Ik rijd ‘s avonds om tien uur met de bus van Amsterdam naar Purmerend. Ik ga op zoek in mijn telefoon naar muziek voor onderweg: muziek die past bij de duisternis langs het kanaal, met zo nu en dan een huis aan de overkant van het water met ouderwets licht en oude trage mensen. Denk ik.

‘Hee man, niet altijd achter je telefoon...’ Een oud collega ploft neer op de zitplaats naast mij en zet zijn prachtige bruinleren tas op de grond, naast modieuze goedgepoetste schoenen en verder zit hij ook strak in het pak met een zware winterjas van fijn kamgaren. Ik zie het in één oogopslag en denk: ‘Zo, die ziet er goed uit tegenwoordig’. Want zo ken ik hem niet van vroeger - hij is sinds een paar jaar met pensioen- op school liep hij er meestal nogal slordig bij. Nu heeft hij zelfs een goede kapper.

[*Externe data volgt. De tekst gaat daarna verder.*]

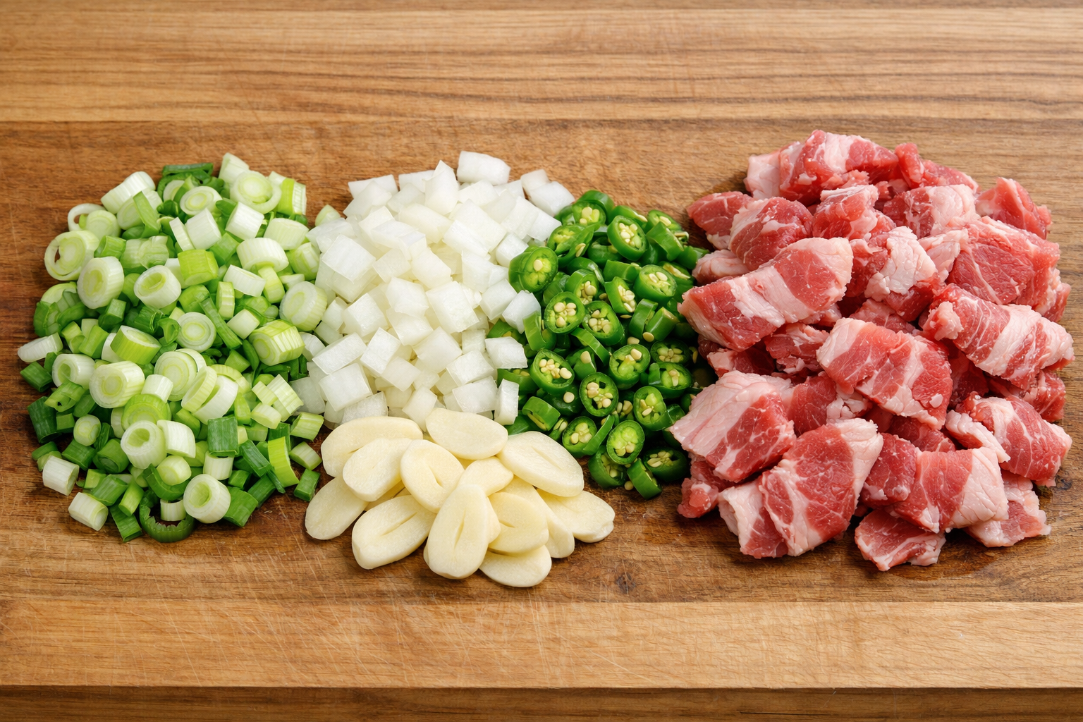 A. 삼겹살, 소불고기용 고기도 잘 어울려요. 다만 기름 함량에 따라 볶는 시간은 조절하세요.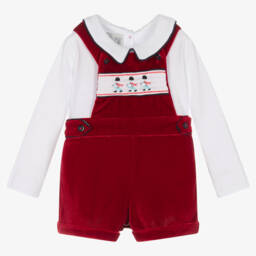 Ivory and beige cotton dungaree set for baby boys by Beau KiD, made with coordinating, lightly textured fabric. The short-sleeved shirt has matching beige piping and button fastenings on the back. Partly lined, the dungaree shorts have an interwoven pattern with beautiful smocking on the front and adjustable shoulder straps that button on the back. The waistband is comfortably elasticated and poppers between the legs help with changing.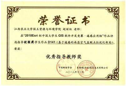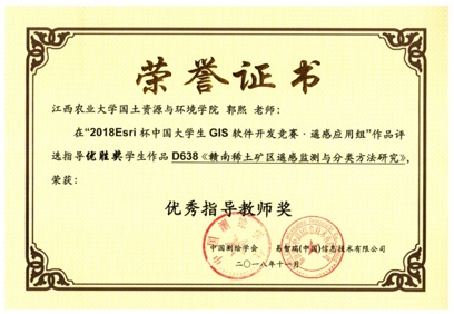 近日,由中国测绘地理信息学会主办、Esri中国信息技术有限公司承办的“2018Esri杯中国老员工GIS软件开发竞赛”获奖名单公布,来自PA视讯官网地理信息科学专业的三组队伍从72组参赛队伍中脱颖而出,均获得此次竞赛遥感应用组的优胜奖,这也是公司员工在该大赛连续第三年获奖。三组作品分别是由郭熙老师指导的“赣南稀土矿区遥感监测与分类方法研究”(小组成员为赖宗明,闵锋,涂贤达,龙鹏),谢文老师指导的“基于ENVI/IDL的遥感地物的自动提取系统”(小组成员为李佳裕,余霖,陈端怡,晏新程),赵丽红老师指导的“基于遥感的南昌空气监测点位优化布局” (小组成员为李顺清,王弘宇,李国泽,晏艳琴)。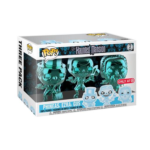 Typically coated in one color of chrome paint, this variant of Pop! can add a ghostly or trophy-like quality to your collection. The Haunted Mansion 3-pack of chrome Pop! Phineas, Ezra, and Gus are must have figures for Disney and chrome collectors. There's also favorites like gold chrome Pop! Loki and chrome Pop! Jack Jack (The Incredibles collection).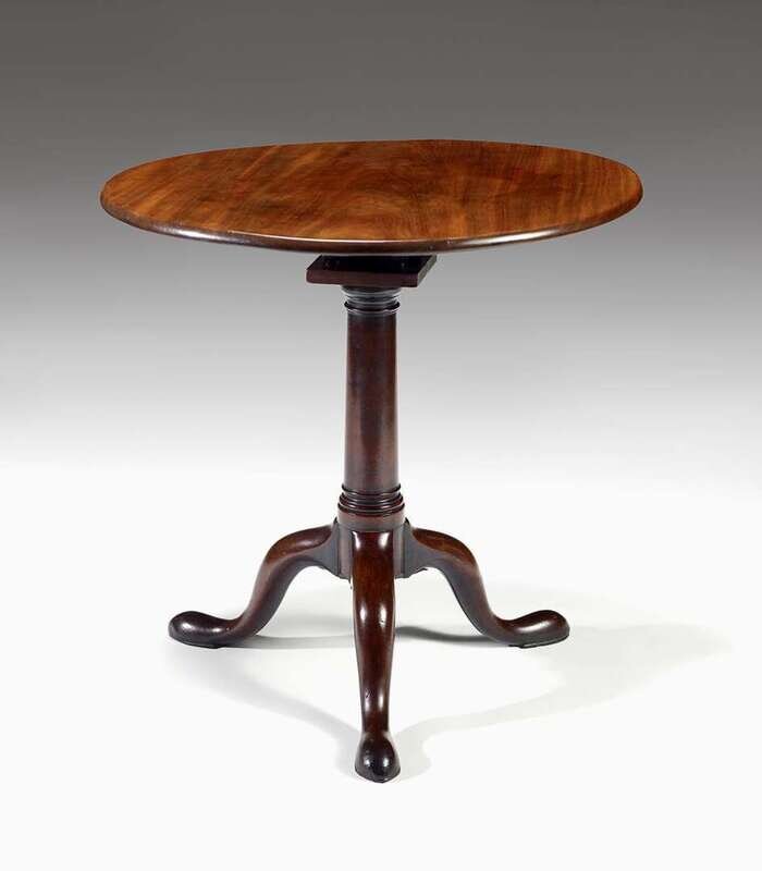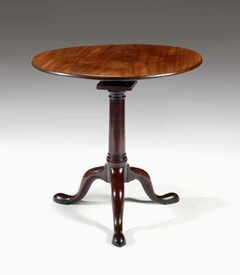 The circular tilt top over a tapering column support, raised on outswept tripod legs terminating on pad feet.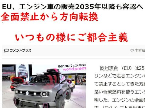 身勝手な変更ばかり、独と仏環境対策という正義の旗でEVへの全面転換(ガソリン車禁止、日本車への制裁と同じ)へと舵を切ったEUが 手のひら返しで方針変更。「合成燃料」なら良いというご都合主義の理屈、言ってみたもののEVへの完全移行は 難しいので妙な妥協案を出して来た。 |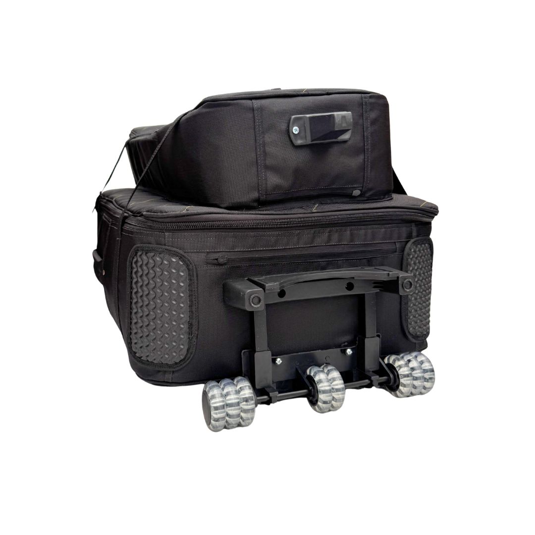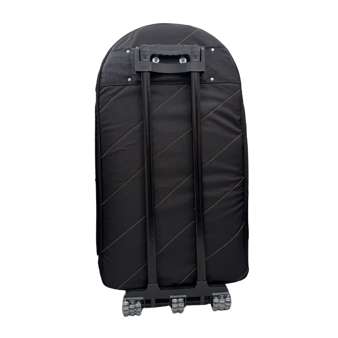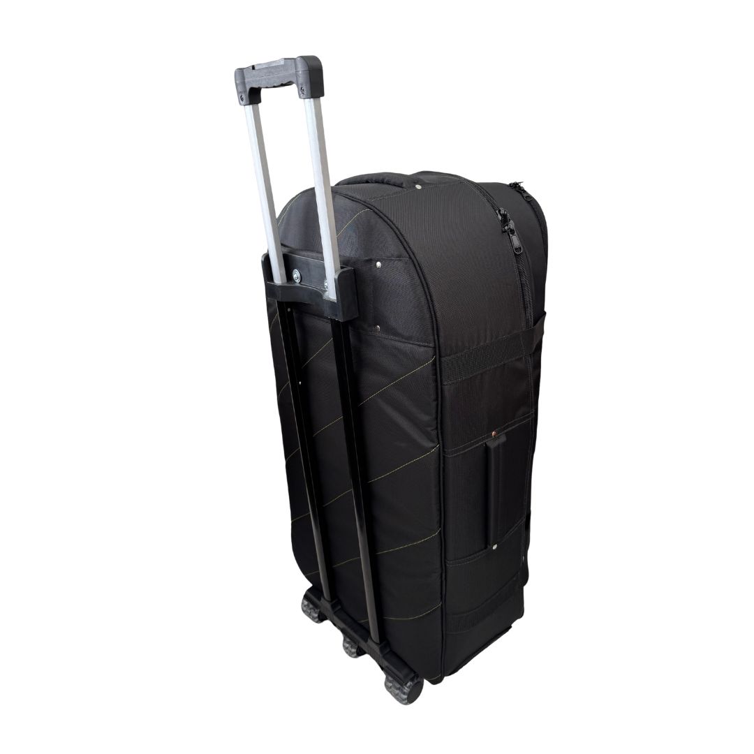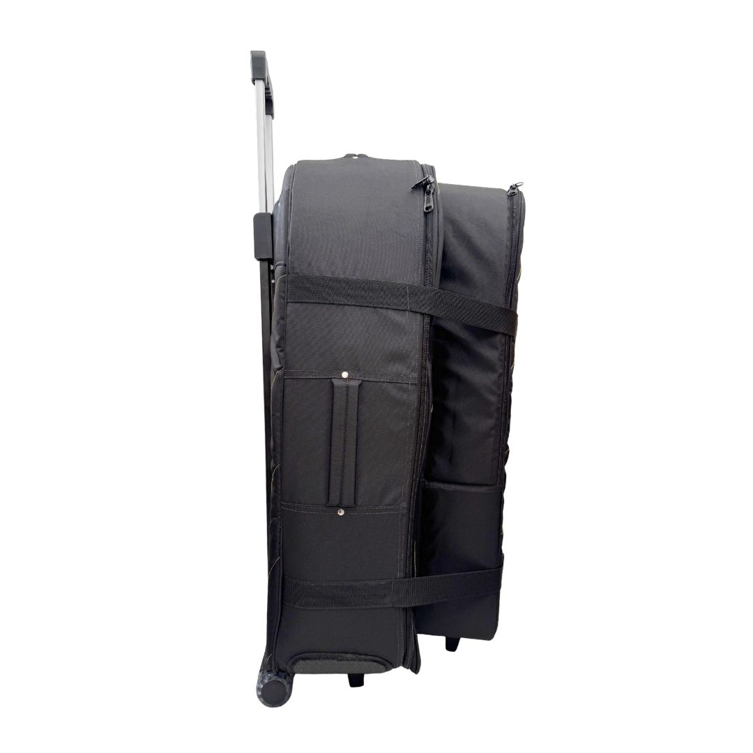 Su bolsillo interno acolchado permite transportar platos de hasta 16 pulgadas, mientras que su amplio bolsillo externo para herrajes ayuda a llevar el set de forma mucho más práctica y organizada. Además, incorpora un sistema de carrito con rodachines y manija extendible, reforzado internamente con madera para soportar mejor la carga y brindar una movilidad superior.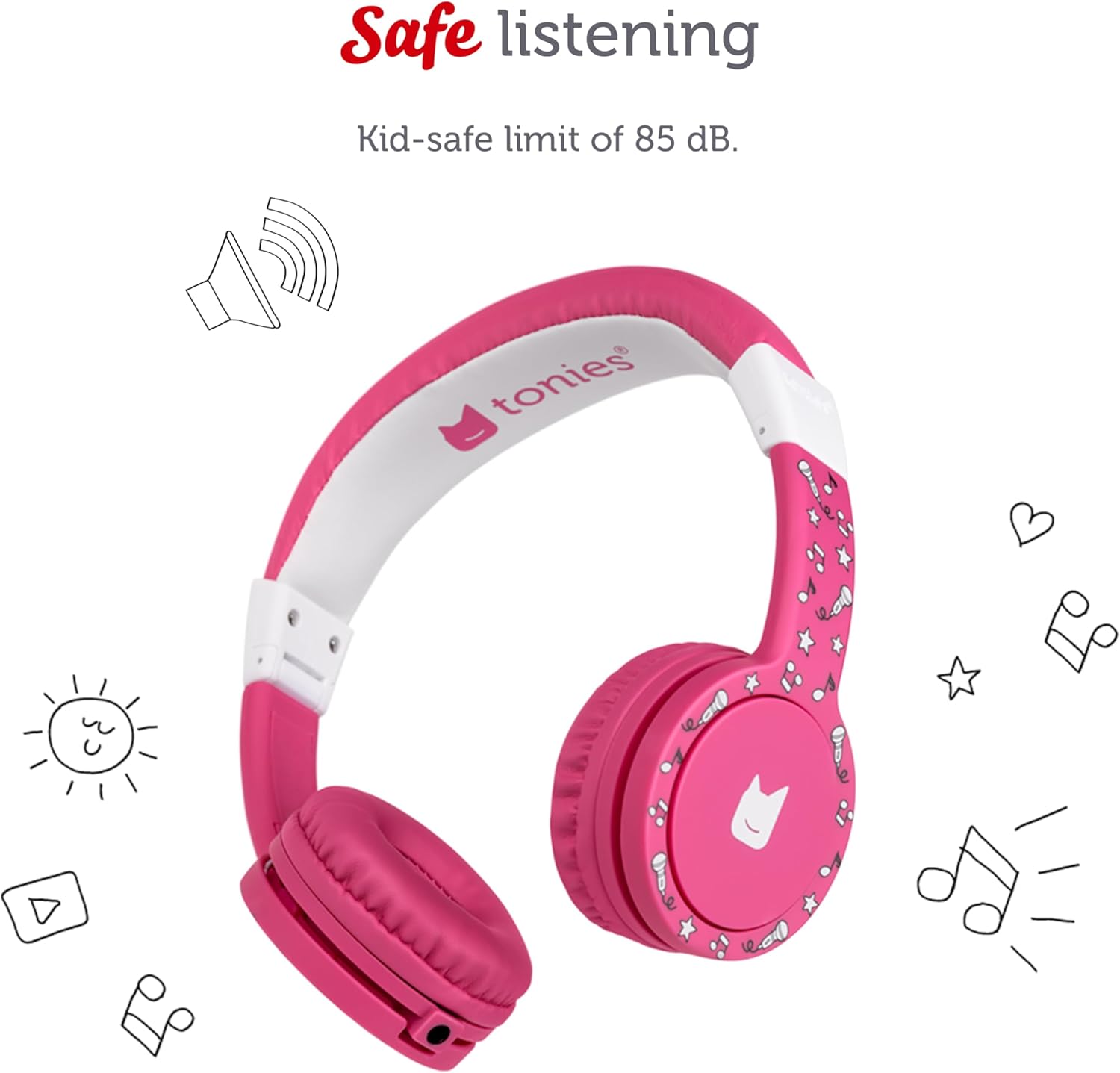 Meet the tonies Headphones, specially made for little listeners with a kid-safe limit of 85 dB. tonies headphones stay comfortable as your child grows with adjustable cushioned earpads and a padded headband. The foldable design is great for storage and travel. Available in six colors to mix and match with your Toniebox.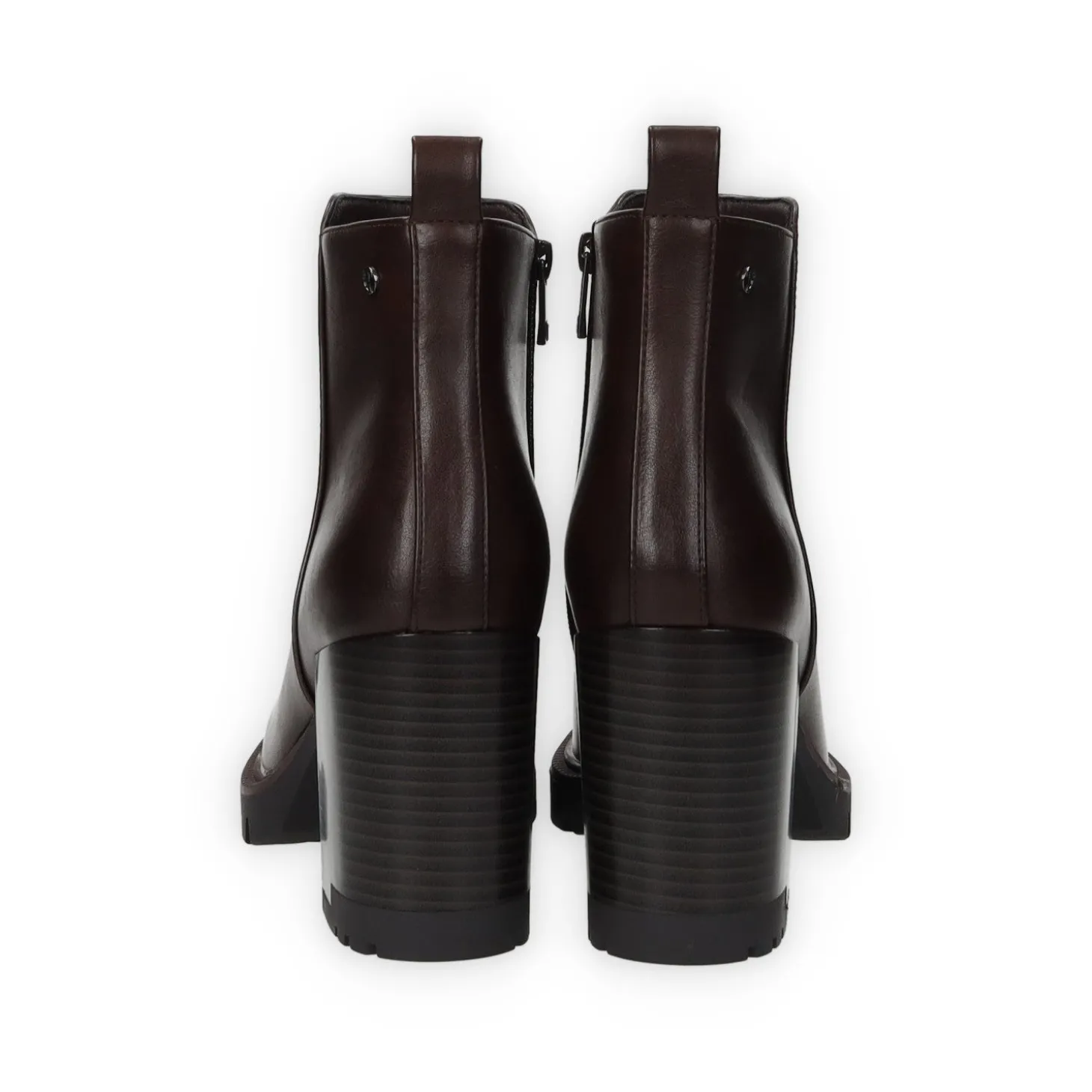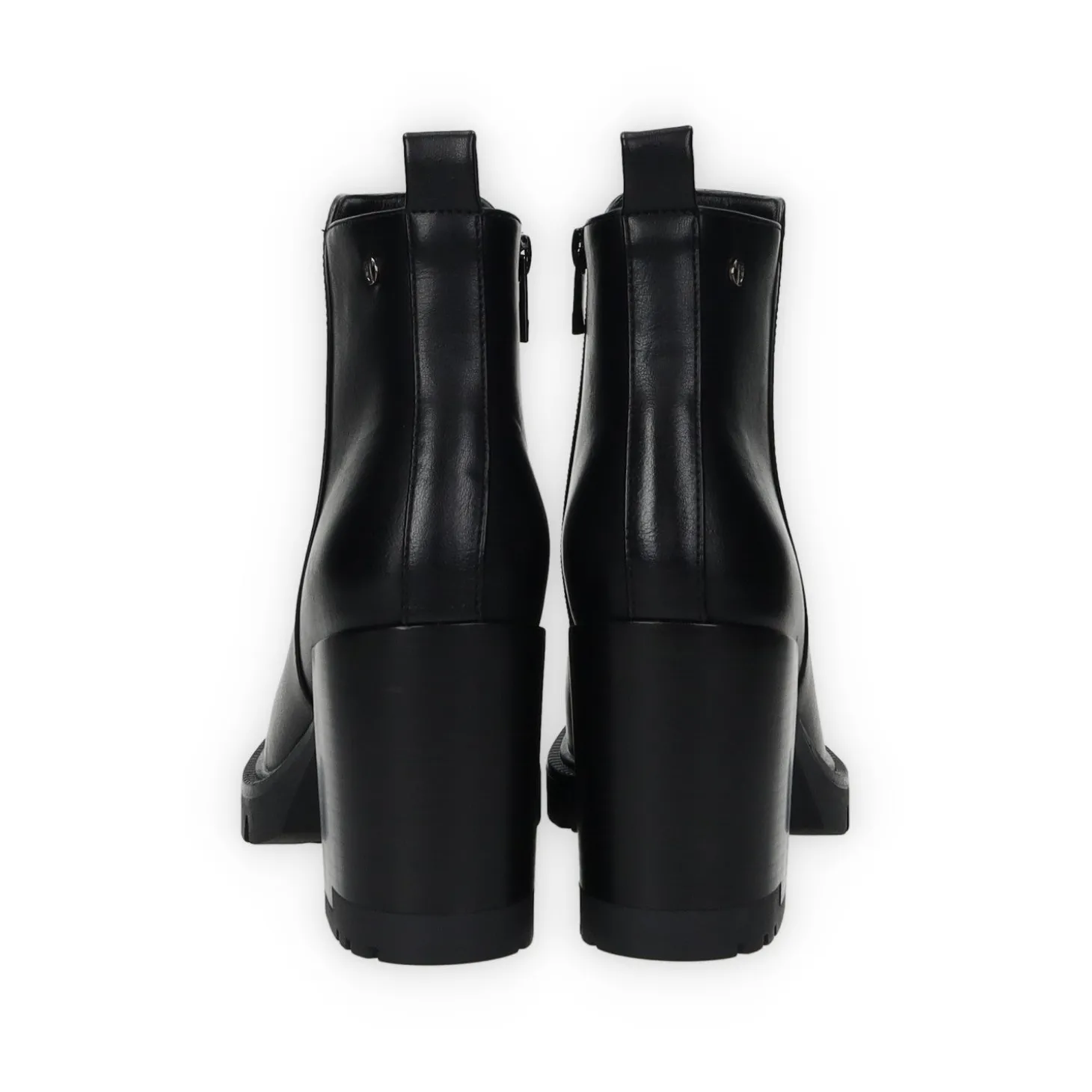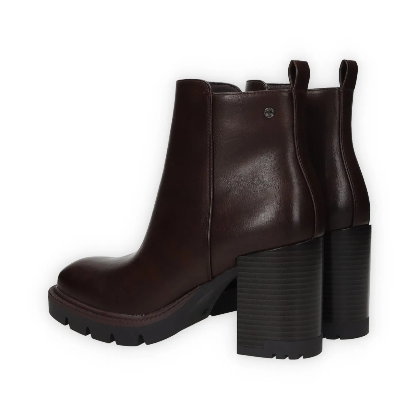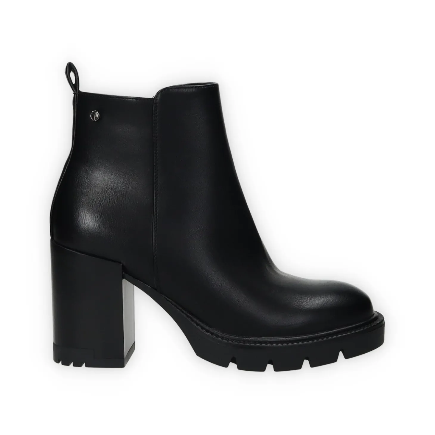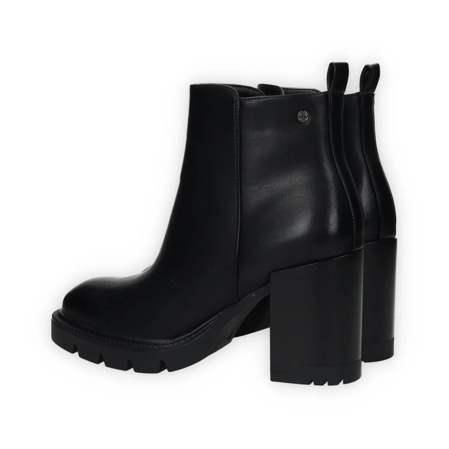 Stivaletti in ecopelle con tacco di 7 cm e tirante sul retro.

Een mens verweert in het onderwijs, net als boeren die jaar in, jaar uit, in weer en wind langzamerhand steeds meer eroderen. ‘Verweert’ is een goed woord in dit verband, hoewel het weer in de klas met de komst van de airco vrij constant is. Met de jaren voor de klas gaat een mens ook steeds minder aandacht aan zijn kleding besteden. Onderwijs zuigt zoveel aandacht dat je minder over hebt voor je uiterlijk. Dat begint al bij het opstaan op een schooldag. Je stapt uit je bed, bent met je hoofd al op school en grijpt naar de kleren die je gisteren ook aan had. Voor de zekerheid spuit je nog een wolk deo onder de oksels en daarna vlucht je nog even in het ontbijt en de krant.

Een mens verweert in het onderwijs, net als boeren.

Ik ken maar een paar leraressen waaraan je kunt zien dat zij er vanochtend echt voor zijn gaan zitten om kleren en schoenen uit te kiezen, lippen te stiften en mascara op te doen. De meeste mannen hijsen zich weer in dezelfde trui. Inhoud gaat voor vorm. Zo kan het gebeuren dat je als leraar met de jaren steeds valer wordt, als een T-shirt dat onderhand dertig keer gewassen is.

Dan komt het pensioen en aan mijn oud collega is te zien dat hij toen besloten heeft om die grauwsluier van zich af te werpen. Hij vertelt dat hij vanavond colleges filosofie heeft gegeven op de Volksuniversiteit. Heerlijk om te doen en zo blijf je tussen de jonge mensen, want hij wil er niet aan denken om alleen nog maar met leeftijdgenoten om te gaan. Van school heeft hij definitief afscheid genomen. Hij voelt zich nog steeds bedrogen. Hem was beloofd dat hij het vak filosofie zou gaan geven, maar dat is er nooit meer van gekomen. Het zit hem nog steeds dwars, het maakt van school een slechte herinnering.

Plotseling zegt hij: ‘Ik ben blij met dit baantje aan de Volksuniversiteit... alleen maar pensioen, het maakt je suf, denk ik.’

Pensioen ... het is een woord als een verdovend middel uit een plant met weelderige zachte bladeren en paars geaderde bloemen. Het woord smaakt bitterzoet en na het innemen sluiten de ogen zich langzaam voor een middagdutje.